# equipo de sonido aiwa CX-ZL800LH problema bandeja y display



## knightshura (Ene 17, 2007)

hola amigos, les cuento q tengo un problema con el equipo aiwa, pues al encenderlo funciona todo, menos el display y la bandeja sale cuando quiere!!!!

Lo destapé y limpié la tarjeta, limpié los contactos e incluso los cables flex q vienen de la tarjeta principal hacia el display, no entiendo pq al precionar el display hacia adelante funciona perfectamente pero cuando lo suelto deja de funcionar. y pues mi segundo problema ya mencionado antes es la bandeja, la cual sale cuando quiere, a esta simplemente la limpié pq no se que mas hacer. El resto funciona muy bien, se escucha, todas las demas luces del equipo com leds y demas prenden perfectamente.

Amigos por favor necesito su ayuda no se que hacer, aunque parece ser una cosa sencilla, pero aun no he dado con el problema, por favor ayudenme y gracias de antemano.

ATTE: Andres.


----------



## tiopepe123 (Ene 18, 2007)

mira si hay el esquema o busca uno para seguir de guia

https://www.eserviceinfo.com/

El display:
Lo normal es que la tension "alta" se ha estropeado por el tiempo el equipo debe tener unos 10 añitos.
Lo normal es un condensador electrolitico, es dificil decirte cual pero te dare unas indicaciones para buscalo.

Mira la fuente, compleja no?  busca los cables que van hacia cenca de la pantalla o placa.
En la zona de alimentacion donde hay esos cables busca un electrolitico de tamaño mediano y una tension de 65V o mas o algun sitio donde te indique la tension de unos 32V o similar y subtituye ese condensador.


La bandeja

mira la gomita del motor no este floja,  cambiala.

Puede ser una palanquita que le indica si esta abierta o cerrada, primero la compruebas, si falla le hechas 3-1 aceide o similar dor alguna rendija y la mueves para que se limpie.
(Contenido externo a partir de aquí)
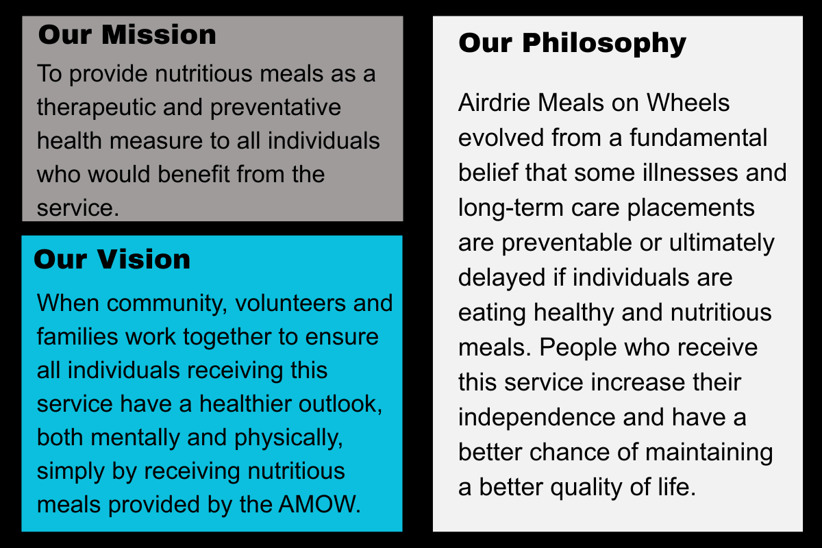 Airdrie Meals on Wheels is a non-profit society that has been committed since 1983 to providing individuals with nutritious, affordable meals, delivered to their door, 5 days a week, with extra meals available for the weekends. Individuals are always welcome, regardless of their income, or whether they require short-term or long-term assistance.

Mira la grasa que no este reseca, que ensucie facilmente el dedo.


----------



## knightshura (Ene 18, 2007)

Gracias amigo, si el display estaba con soldaduras quebradizas, las corregí y listo; ahora debo conseguir el interruptor para cambiarselo a la badeja, pues traté de limpiarla hechandole aceite en los engranes y demas pero no fue suficiente, esta sigue saliendo y cerrandose cuando quiere, en cuanto logre conseguir el interruptor les comento..... muchas gracias!!!


----------



## knightshura (Ene 19, 2007)

hola!!!
bueno compré los pulsadores y aun no, sigue con el mismo problema, la bandeja parece que siempre buscara cds, pues comienza a girar y luego se abre.

Espero logren ayudarmen gracias de antemano.

ATTE: Andres.


----------